There are great rationales, in addition to the flat efficacy of both of those approaches. I, personally, am really interested in tumor micro-environment. That's how I was trained as a scientist. If we look at environmental changes that happen as a result of immunotherapy, we know that may be a cytoreductive situation, which targeted therapy may be really beneficial. Additionally, with the data that MEK inhibition may, in fact, increase antigen presentation, it's really promising.

Of course, we're waiting on final analysis, but the data that came out [from the COMBI-i trial], at ASCO were really promising and really exciting. We're all waiting with unbated breath to see the final analyses. But I think there are numerous other combinations that are coming, of targeted therapy, and not just BRAF/MEK targeted therapy. I think that's exciting.

The axitinib (Inlyta)/nivolumab combination that was published in the Journal of Clinical Oncology this year for mucosal melanoma, we've been increasingly using in patients with [the disease]. That’s a whole new type of target to bring to melanoma. It's really exciting. I'm treating a few patients with it now.

Why are results from the COMBI-i trial so exciting?

COMBI-i, I think, is one of the more exciting trials of combinations to come out recently. The trial combined dabrafenib, trametinib, and spartalizumab. One of the really exciting findings from that trial, from what we've seen so far, is a confirmed complete response rate of 40%, which is a number we haven't seen yet in our field. And they're largely durable responses, which I think was the big question. With targeted therapy, we see these great responses, but they tend not to be lasting.

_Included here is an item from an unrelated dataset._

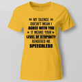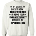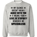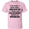 My Silence Doesn’t Mean I Agree With You It Means Your Level Of Stupidity Rendered Me Speechless Funny Gift T-shirt

One of the ideas behind the combination is to get that upfront, really beautiful response from combination therapy. But then the question really was: can immunotherapy make that a durable response? From what we've seen so far, the answer may be yes, and that's really exciting.

The other big question going into COMBI-i was about the toxicity of the combination, knowing that there could be overlapping toxicities. Overall, while toxicity continues to be an issue with combination therapy and targeted therapy, there wasn't a huge safety signal. It seems to be that most patients can tolerate this combination. We're really looking forward to seeing the final data, but I think it's really promising. We're going to see more and more of these combinations coming.

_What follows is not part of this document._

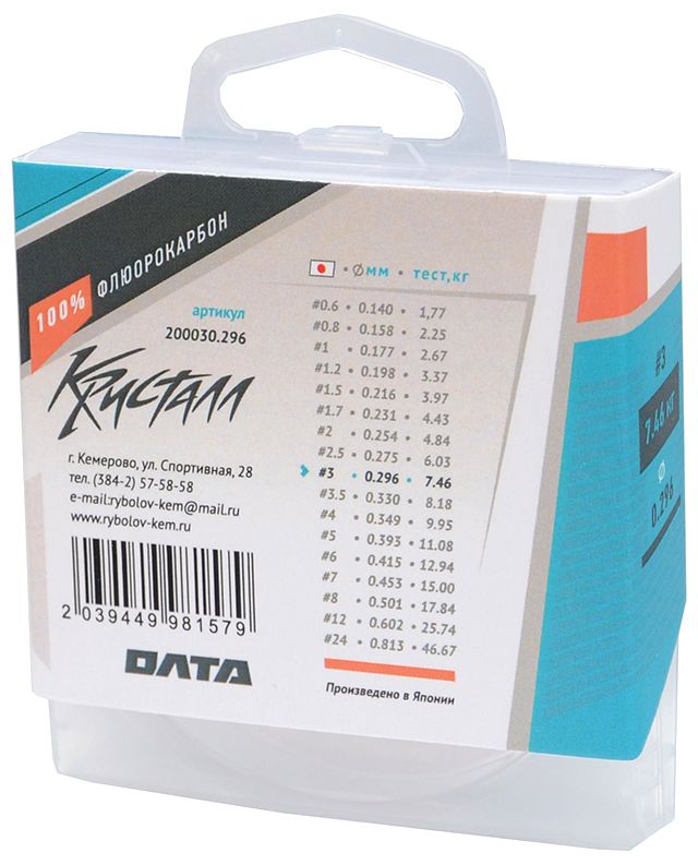 Читать все статьиЛеска КРИСТАЛЛ Флюорокарбон/Олта/, 30м, 0.296мм-7.46кг, упаковка 1шт.

How do you see this landscape evolving in the future?

Right now, we're talking about triplet therapy. BRAF/MEK plus a PD-1 or a CTLA-4. I think soon we're going to be talking about quadruple therapy. Are we talking about CTLA-4 plus PD-1 in some dosing scheme, plus targeted therapy? Or run in with one and finish with another. Those are coming.

But [we're looking forward to] truly novel combinations as well. The combination of axitinib plus PD-1 really opens the door to these other targets that we haven't been seeing in melanoma for a long time. I think we're going to see more of that as well, not just in the VEGF or TKI space, but a variety of targets. We're seeing HDAC inhibitors and things like that in trials as well.